··· The data

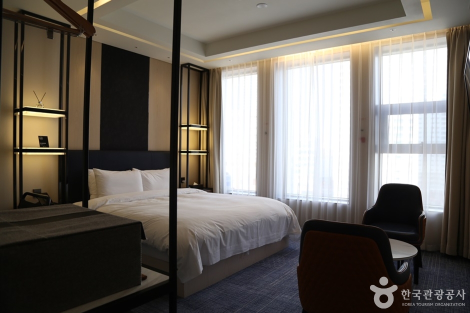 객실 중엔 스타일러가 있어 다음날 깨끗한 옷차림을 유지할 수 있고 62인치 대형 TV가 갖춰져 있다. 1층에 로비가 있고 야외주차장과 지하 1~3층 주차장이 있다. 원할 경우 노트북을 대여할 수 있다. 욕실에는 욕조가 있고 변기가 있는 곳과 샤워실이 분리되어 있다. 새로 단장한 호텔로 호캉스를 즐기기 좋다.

······
··· The data

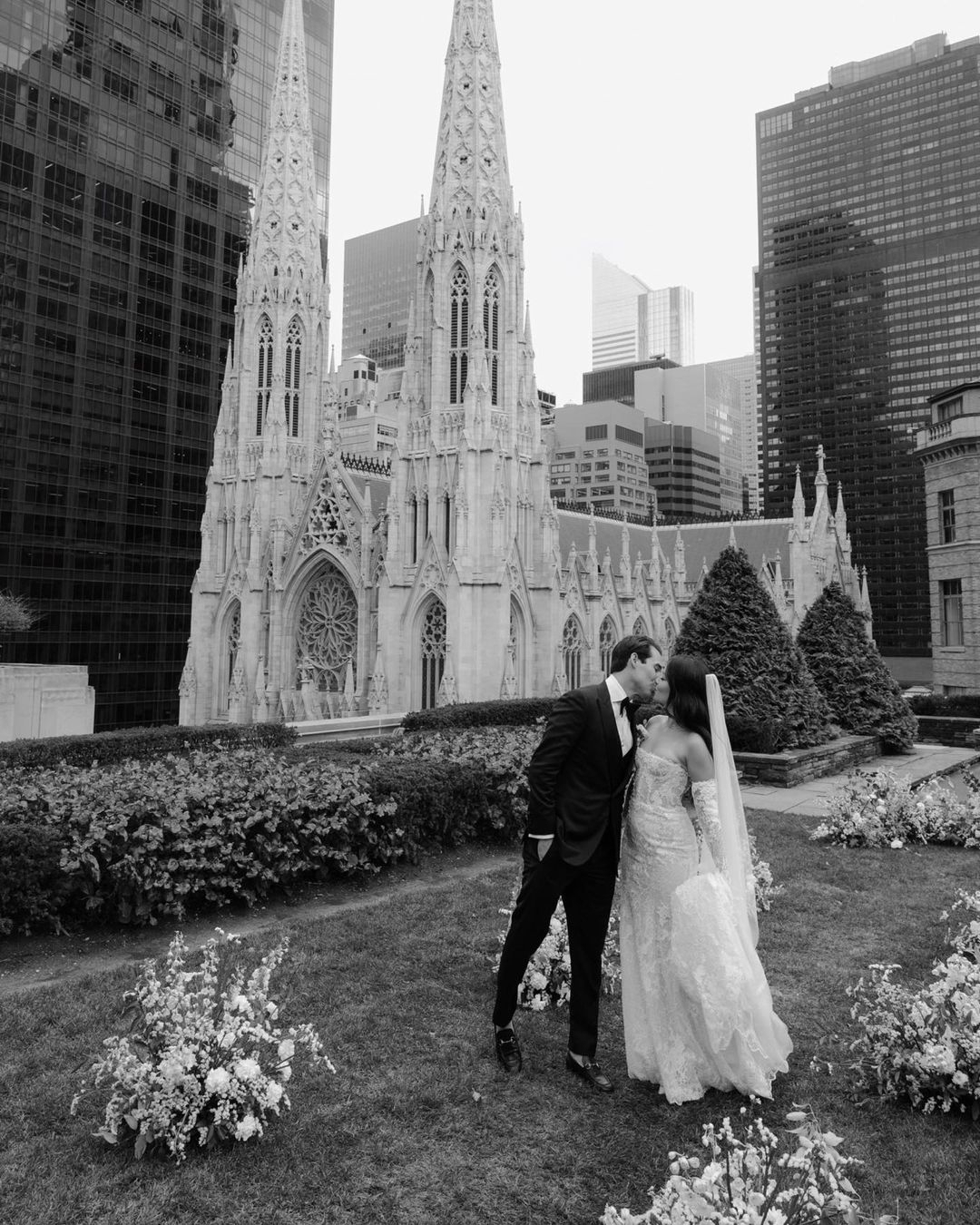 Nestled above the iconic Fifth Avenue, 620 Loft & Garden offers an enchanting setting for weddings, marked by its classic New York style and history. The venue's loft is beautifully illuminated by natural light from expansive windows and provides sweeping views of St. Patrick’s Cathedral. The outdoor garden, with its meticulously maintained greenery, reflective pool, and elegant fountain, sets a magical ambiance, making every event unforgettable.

······
··· The data

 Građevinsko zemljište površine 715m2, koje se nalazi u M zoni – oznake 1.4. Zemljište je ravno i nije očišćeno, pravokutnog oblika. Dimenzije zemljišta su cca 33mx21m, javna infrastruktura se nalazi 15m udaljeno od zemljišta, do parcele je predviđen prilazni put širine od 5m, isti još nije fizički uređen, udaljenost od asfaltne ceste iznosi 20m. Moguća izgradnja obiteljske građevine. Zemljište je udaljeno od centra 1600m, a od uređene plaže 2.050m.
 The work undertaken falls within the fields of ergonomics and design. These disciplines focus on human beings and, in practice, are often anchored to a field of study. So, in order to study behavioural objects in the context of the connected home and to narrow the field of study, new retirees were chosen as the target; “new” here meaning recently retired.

······

Task prompt: In the data above, retype exactly and only the lines between the one holding "Građevinsko zemljište površine" and the one holding "The work undertaken", inclusive.

Reply:
 Građevinsko zemljište površine 715m2, koje se nalazi u M zoni – oznake 1.4. Zemljište je ravno i nije očišćeno, pravokutnog oblika. Dimenzije zemljišta su cca 33mx21m, javna infrastruktura se nalazi 15m udaljeno od zemljišta, do parcele je predviđen prilazni put širine od 5m, isti još nije fizički uređen, udaljenost od asfaltne ceste iznosi 20m. Moguća izgradnja obiteljske građevine. Zemljište je udaljeno od centra 1600m, a od uređene plaže 2.050m.
 The work undertaken falls within the fields of ergonomics and design. These disciplines focus on human beings and, in practice, are often anchored to a field of study. So, in order to study behavioural objects in the context of the connected home and to narrow the field of study, new retirees were chosen as the target; “new” here meaning recently retired.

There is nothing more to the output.